» Entries supplied:
# # # # # # #

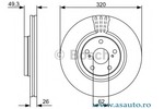 Partea de montare punte fata Tip disc frâna ventilat interior Diametru [mm] 320 mm Grosime minima [mm] 24 mm Înaltime [mm] 49,3 mm Alezaj butuc -? [mm] 62 mm
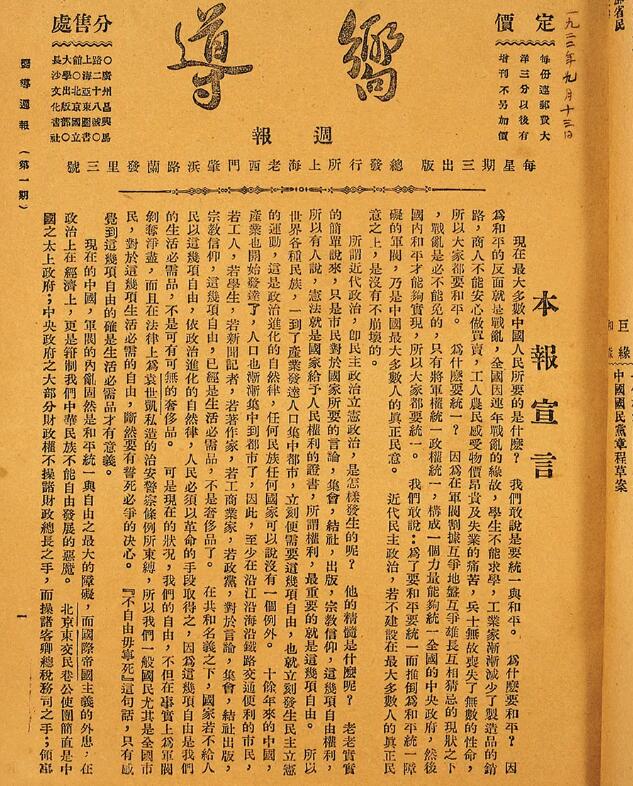 1922年9月13日,中国共产党机关刊物《向导》周报在上海创刊。图为该刊创刊号。
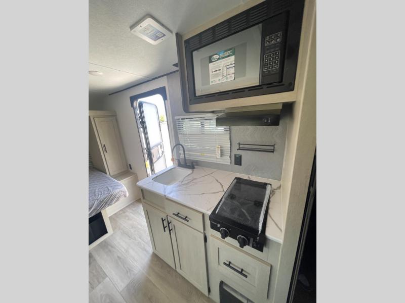 With any Compact travel trailer by Shasta RVs, you will enjoy the camping lifestyle in an easy-to-tow, lightweight unit! Each model includes four stabilizer jacks to keep your travel trailer secure at the campground, and an optional power tongue jack can be added for more convenience. You will appreciate having a tankless water heater for endless hot showers, an 8K BTU A/C to keep you cool, plus solar and back-up camera prep. The interior of each Compact travel trailer includes seamless countertops, kitchen and bath amenities, a Bluetooth portable speaker, plus storage space for all your belongings.
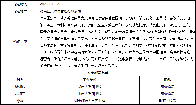 中南林业科技大学2021年中国知网资源总库单一来源采购公示
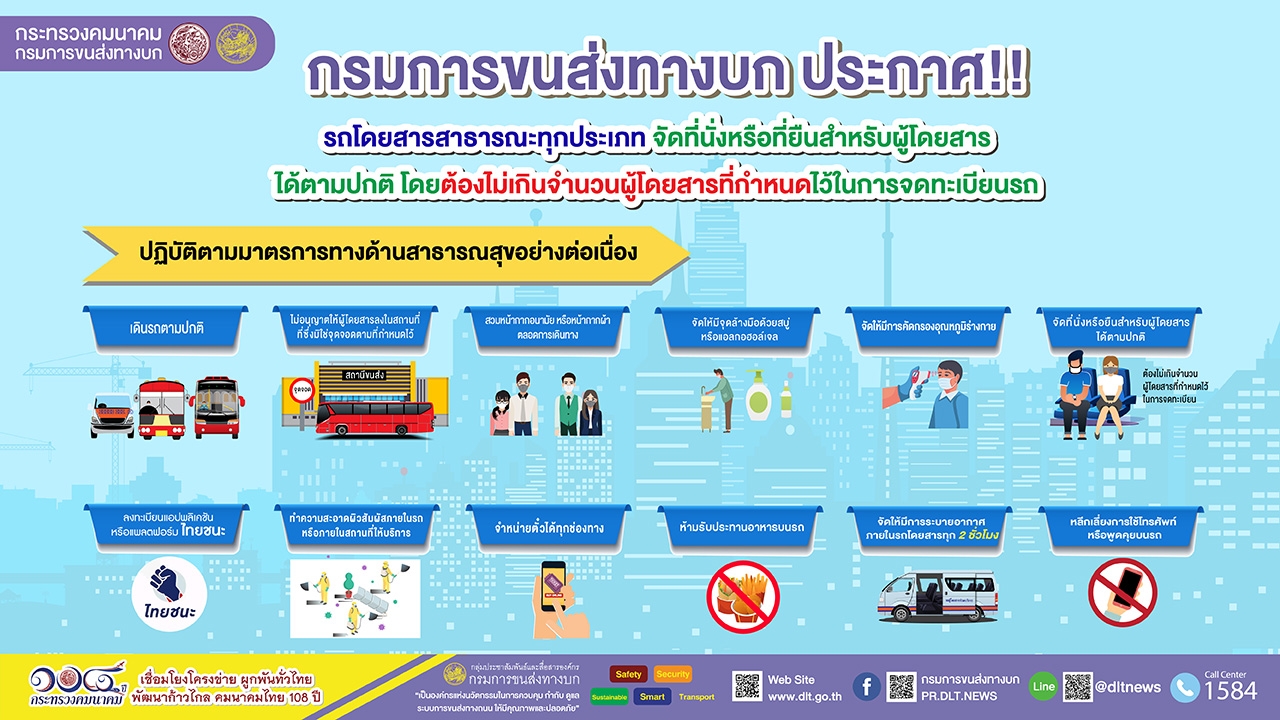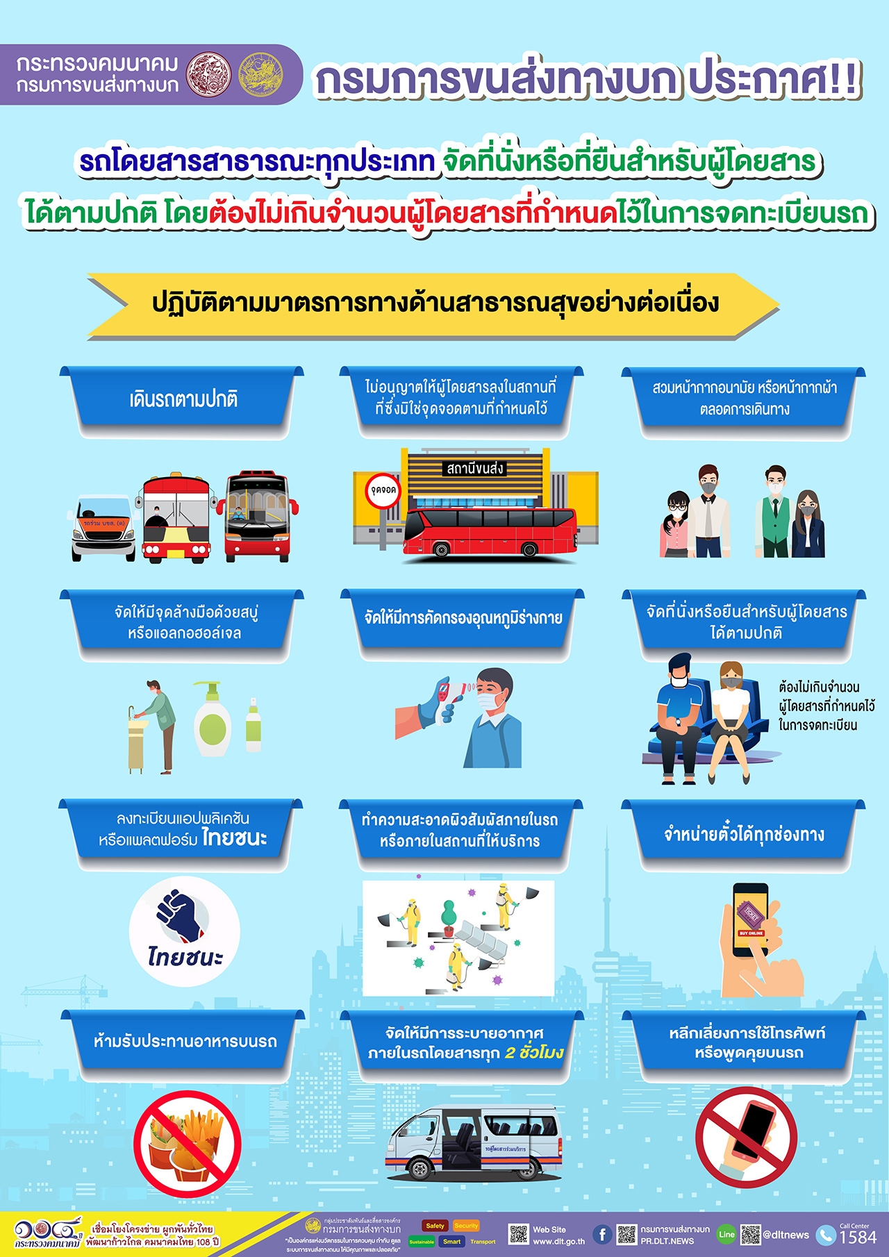 กรมการขนส่งทางบก ประกาศ!! รถโดยสารสาธารณะทุกประเภท สามารถจัดที่นั่งหรือที่ยืนสำหรับผู้โดยสารได้ตามปกติ โดยต้องไม่เกินจำนวนผู้โดยสารที่กำหนดไว้ในการจดทะเบียนรถ ย้ำ!!! ผู้โดยสารต้องสวมหน้ากากอนามัยหรือหน้ากากผ้าตลอดการเดินทาง และเช็กอิน-เช็กเอาต์ไทยชนะทุกครั้งที่ใช้บริการรถโดยสารสาธารณะ และสถานีขนส่งผู้โดยสาร

# # # # # # #

Could you write out exactly the lines running from the one with "With any Compact" through the last line of the data above, both ends kept, and omit any picture?

 With any Compact travel trailer by Shasta RVs, you will enjoy the camping lifestyle in an easy-to-tow, lightweight unit! Each model includes four stabilizer jacks to keep your travel trailer secure at the campground, and an optional power tongue jack can be added for more convenience. You will appreciate having a tankless water heater for endless hot showers, an 8K BTU A/C to keep you cool, plus solar and back-up camera prep. The interior of each Compact travel trailer includes seamless countertops, kitchen and bath amenities, a Bluetooth portable speaker, plus storage space for all your belongings.
 中南林业科技大学2021年中国知网资源总库单一来源采购公示
 กรมการขนส่งทางบก ประกาศ!! รถโดยสารสาธารณะทุกประเภท สามารถจัดที่นั่งหรือที่ยืนสำหรับผู้โดยสารได้ตามปกติ โดยต้องไม่เกินจำนวนผู้โดยสารที่กำหนดไว้ในการจดทะเบียนรถ ย้ำ!!! ผู้โดยสารต้องสวมหน้ากากอนามัยหรือหน้ากากผ้าตลอดการเดินทาง และเช็กอิน-เช็กเอาต์ไทยชนะทุกครั้งที่ใช้บริการรถโดยสารสาธารณะ และสถานีขนส่งผู้โดยสาร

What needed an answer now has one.